-- EXERCISE INPUTS follows --

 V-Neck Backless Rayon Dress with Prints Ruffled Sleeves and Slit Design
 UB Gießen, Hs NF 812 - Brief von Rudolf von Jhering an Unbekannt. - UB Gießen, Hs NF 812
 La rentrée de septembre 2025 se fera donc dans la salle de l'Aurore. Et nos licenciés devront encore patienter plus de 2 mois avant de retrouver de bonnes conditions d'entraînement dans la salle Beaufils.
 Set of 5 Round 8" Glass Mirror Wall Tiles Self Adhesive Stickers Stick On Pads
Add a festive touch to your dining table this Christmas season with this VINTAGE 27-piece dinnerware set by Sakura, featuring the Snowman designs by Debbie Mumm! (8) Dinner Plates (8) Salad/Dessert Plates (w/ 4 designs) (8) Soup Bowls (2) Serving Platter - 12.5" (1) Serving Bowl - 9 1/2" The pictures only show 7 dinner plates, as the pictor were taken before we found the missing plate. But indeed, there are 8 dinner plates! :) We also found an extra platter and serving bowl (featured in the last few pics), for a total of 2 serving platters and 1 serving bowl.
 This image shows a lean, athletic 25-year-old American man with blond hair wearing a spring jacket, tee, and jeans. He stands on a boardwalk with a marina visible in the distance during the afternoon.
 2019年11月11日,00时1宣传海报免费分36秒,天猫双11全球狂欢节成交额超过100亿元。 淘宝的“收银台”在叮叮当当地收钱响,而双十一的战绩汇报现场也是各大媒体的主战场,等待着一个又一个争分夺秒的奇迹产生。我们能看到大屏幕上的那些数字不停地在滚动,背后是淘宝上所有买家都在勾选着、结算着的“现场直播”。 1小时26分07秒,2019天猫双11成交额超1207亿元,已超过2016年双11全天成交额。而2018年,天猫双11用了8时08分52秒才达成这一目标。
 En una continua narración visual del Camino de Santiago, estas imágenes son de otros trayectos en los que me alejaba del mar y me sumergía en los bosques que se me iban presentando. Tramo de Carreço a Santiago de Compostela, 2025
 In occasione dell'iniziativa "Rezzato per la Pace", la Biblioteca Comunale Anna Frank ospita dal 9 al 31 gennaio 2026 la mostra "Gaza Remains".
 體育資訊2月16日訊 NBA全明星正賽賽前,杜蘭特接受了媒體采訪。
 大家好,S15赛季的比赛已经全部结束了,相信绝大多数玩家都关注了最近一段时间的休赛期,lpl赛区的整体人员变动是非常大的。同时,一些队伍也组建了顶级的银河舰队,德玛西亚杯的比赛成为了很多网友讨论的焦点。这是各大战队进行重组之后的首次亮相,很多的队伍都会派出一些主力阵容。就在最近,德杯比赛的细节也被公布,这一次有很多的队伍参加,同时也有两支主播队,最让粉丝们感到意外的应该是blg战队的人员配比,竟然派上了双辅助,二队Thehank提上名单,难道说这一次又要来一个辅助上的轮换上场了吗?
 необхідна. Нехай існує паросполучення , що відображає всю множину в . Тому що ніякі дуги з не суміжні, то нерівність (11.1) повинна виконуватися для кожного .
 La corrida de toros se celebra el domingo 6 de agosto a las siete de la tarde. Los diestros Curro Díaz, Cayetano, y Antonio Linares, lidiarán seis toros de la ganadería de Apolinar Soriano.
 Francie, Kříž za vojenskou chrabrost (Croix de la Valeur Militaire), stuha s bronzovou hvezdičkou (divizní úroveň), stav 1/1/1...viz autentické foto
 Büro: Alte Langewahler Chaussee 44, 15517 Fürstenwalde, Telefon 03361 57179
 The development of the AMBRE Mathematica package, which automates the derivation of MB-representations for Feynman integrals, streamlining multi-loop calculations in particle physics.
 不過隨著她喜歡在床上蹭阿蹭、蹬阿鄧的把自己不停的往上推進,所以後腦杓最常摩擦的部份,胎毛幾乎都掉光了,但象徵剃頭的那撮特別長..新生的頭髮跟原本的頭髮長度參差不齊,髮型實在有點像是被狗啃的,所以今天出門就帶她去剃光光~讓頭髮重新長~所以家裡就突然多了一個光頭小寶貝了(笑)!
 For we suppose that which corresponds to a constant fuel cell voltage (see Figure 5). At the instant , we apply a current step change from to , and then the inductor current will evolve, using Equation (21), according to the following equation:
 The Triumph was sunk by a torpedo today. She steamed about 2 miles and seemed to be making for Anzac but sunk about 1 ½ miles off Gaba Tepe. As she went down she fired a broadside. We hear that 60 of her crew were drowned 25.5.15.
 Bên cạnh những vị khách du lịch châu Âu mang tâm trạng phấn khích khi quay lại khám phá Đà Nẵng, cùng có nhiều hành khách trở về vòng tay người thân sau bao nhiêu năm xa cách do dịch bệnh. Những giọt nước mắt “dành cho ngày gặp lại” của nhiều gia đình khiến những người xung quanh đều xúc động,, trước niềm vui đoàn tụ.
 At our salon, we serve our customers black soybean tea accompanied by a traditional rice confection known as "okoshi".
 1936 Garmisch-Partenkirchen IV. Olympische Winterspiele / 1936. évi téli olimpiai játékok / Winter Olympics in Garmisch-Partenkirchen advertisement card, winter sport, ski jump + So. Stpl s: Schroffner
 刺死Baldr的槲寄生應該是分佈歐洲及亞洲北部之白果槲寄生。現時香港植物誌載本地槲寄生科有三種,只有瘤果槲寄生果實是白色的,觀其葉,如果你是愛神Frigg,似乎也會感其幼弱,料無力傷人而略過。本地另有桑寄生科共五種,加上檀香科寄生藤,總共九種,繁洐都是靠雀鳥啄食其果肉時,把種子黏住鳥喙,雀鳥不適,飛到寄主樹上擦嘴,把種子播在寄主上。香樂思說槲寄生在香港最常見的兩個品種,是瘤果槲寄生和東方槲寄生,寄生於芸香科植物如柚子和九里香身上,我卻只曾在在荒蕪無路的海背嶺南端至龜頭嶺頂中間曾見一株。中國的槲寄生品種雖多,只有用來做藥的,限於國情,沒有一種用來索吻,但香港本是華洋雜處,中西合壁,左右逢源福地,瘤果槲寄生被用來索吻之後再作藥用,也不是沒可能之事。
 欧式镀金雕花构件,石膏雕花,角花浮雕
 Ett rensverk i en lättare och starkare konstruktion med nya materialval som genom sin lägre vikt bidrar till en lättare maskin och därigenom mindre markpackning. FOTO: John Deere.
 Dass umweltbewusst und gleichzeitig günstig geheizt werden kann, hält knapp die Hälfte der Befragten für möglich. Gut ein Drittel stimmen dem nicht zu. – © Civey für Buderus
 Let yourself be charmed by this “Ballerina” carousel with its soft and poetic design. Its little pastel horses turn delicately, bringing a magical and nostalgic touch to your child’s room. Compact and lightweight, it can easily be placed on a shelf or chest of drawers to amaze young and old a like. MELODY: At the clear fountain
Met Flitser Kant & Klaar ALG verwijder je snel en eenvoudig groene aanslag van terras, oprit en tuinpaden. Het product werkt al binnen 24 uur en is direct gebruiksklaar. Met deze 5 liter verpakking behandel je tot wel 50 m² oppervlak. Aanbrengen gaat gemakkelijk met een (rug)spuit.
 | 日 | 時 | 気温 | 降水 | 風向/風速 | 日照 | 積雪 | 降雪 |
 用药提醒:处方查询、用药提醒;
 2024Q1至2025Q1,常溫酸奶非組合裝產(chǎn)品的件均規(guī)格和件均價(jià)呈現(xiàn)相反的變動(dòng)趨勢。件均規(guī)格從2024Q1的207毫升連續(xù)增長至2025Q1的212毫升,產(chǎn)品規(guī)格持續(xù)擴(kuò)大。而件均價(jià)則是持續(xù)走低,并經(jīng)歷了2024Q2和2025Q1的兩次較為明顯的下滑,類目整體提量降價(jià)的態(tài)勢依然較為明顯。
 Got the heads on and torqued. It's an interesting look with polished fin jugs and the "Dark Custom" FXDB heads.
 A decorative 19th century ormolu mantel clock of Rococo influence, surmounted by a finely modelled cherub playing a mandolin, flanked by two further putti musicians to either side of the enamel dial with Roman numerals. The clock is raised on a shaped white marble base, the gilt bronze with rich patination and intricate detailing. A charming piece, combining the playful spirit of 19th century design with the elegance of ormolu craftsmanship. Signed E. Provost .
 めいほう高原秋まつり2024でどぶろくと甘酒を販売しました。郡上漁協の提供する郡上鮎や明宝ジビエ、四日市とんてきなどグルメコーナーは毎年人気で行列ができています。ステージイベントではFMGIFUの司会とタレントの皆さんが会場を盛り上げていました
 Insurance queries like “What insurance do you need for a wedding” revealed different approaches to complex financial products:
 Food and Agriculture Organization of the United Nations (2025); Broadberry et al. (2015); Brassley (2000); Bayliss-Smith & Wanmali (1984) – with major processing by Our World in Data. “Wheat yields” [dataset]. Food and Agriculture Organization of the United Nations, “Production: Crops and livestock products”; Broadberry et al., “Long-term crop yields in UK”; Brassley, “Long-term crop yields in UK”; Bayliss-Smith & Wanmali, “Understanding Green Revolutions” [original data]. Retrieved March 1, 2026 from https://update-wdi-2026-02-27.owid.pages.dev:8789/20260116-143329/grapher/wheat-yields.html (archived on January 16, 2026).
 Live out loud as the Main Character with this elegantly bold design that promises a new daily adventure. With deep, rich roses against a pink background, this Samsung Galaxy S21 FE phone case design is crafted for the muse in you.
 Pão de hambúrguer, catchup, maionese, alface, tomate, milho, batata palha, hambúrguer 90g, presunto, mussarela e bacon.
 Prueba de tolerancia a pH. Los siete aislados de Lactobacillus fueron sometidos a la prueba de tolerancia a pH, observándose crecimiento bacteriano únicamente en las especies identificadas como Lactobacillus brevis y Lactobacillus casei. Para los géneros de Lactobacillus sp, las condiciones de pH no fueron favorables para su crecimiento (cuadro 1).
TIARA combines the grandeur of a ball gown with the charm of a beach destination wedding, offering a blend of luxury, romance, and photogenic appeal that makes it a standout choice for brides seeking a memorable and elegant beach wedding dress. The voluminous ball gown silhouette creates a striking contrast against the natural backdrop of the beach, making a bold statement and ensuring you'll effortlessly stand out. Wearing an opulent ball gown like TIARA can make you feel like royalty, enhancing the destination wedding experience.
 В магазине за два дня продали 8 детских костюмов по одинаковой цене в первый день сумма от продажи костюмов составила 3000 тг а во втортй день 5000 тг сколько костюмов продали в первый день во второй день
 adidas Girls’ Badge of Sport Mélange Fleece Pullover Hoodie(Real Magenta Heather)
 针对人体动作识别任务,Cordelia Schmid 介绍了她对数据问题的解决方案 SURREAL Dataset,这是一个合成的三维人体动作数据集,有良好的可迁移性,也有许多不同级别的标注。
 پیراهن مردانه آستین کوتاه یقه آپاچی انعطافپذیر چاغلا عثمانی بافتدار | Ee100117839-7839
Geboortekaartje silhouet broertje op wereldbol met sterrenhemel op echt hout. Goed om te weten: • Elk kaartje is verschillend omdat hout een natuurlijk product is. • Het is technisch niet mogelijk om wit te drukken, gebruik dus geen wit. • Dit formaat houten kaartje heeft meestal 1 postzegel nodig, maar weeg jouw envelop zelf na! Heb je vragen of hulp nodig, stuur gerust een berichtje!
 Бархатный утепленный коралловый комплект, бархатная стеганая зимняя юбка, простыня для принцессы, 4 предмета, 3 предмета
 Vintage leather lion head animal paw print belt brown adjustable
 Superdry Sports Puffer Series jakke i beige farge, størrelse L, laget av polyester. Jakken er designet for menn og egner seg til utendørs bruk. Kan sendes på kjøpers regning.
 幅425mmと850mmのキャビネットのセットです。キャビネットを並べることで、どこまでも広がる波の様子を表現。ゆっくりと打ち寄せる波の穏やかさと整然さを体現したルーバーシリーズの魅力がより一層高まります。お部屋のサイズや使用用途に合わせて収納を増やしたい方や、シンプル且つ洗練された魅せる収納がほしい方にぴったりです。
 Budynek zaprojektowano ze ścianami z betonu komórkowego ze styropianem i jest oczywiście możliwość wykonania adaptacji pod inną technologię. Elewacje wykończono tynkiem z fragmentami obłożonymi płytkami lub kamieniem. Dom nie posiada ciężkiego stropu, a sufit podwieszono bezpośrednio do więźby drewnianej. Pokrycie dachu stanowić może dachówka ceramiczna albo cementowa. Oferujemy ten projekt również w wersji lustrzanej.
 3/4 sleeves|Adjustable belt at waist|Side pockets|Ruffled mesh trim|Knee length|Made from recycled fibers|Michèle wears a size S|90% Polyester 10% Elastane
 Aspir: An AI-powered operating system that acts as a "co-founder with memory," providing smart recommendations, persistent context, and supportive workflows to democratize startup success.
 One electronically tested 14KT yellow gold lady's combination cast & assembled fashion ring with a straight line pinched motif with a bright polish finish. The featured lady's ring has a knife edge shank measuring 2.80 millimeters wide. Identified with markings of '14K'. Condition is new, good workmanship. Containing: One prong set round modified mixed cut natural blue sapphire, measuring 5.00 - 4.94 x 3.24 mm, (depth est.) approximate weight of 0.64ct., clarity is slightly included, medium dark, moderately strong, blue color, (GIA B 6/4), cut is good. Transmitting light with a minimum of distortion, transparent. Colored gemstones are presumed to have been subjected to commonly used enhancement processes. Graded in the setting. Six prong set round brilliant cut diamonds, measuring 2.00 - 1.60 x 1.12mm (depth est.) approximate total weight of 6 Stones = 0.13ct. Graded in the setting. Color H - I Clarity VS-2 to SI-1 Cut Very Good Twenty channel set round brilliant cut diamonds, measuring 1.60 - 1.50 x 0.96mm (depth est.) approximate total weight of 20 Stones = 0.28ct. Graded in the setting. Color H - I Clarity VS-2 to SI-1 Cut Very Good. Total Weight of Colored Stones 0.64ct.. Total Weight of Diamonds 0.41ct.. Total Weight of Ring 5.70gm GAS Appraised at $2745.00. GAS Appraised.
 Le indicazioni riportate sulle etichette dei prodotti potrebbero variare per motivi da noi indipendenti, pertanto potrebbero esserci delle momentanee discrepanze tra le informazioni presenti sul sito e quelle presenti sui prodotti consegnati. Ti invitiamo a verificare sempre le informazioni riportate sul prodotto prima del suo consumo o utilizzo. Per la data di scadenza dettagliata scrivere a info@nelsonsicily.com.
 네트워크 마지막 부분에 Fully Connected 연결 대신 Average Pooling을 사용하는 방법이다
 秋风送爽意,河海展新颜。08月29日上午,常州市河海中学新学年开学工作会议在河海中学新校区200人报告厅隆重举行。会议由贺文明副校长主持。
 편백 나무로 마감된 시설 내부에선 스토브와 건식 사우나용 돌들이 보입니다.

-- EXERCISE INPUTS concluded --

In your answer, include only the lines above starting at the line that holds "A decorative 19th" and ending at the line that holds "mussarela e bacon.", copied exactly.

ANSWER SPACE |
 A decorative 19th century ormolu mantel clock of Rococo influence, surmounted by a finely modelled cherub playing a mandolin, flanked by two further putti musicians to either side of the enamel dial with Roman numerals. The clock is raised on a shaped white marble base, the gilt bronze with rich patination and intricate detailing. A charming piece, combining the playful spirit of 19th century design with the elegance of ormolu craftsmanship. Signed E. Provost .
 めいほう高原秋まつり2024でどぶろくと甘酒を販売しました。郡上漁協の提供する郡上鮎や明宝ジビエ、四日市とんてきなどグルメコーナーは毎年人気で行列ができています。ステージイベントではFMGIFUの司会とタレントの皆さんが会場を盛り上げていました
 Insurance queries like “What insurance do you need for a wedding” revealed different approaches to complex financial products:
 Food and Agriculture Organization of the United Nations (2025); Broadberry et al. (2015); Brassley (2000); Bayliss-Smith & Wanmali (1984) – with major processing by Our World in Data. “Wheat yields” [dataset]. Food and Agriculture Organization of the United Nations, “Production: Crops and livestock products”; Broadberry et al., “Long-term crop yields in UK”; Brassley, “Long-term crop yields in UK”; Bayliss-Smith & Wanmali, “Understanding Green Revolutions” [original data]. Retrieved March 1, 2026 from https://update-wdi-2026-02-27.owid.pages.dev:8789/20260116-143329/grapher/wheat-yields.html (archived on January 16, 2026).
 Live out loud as the Main Character with this elegantly bold design that promises a new daily adventure. With deep, rich roses against a pink background, this Samsung Galaxy S21 FE phone case design is crafted for the muse in you.
 Pão de hambúrguer, catchup, maionese, alface, tomate, milho, batata palha, hambúrguer 90g, presunto, mussarela e bacon.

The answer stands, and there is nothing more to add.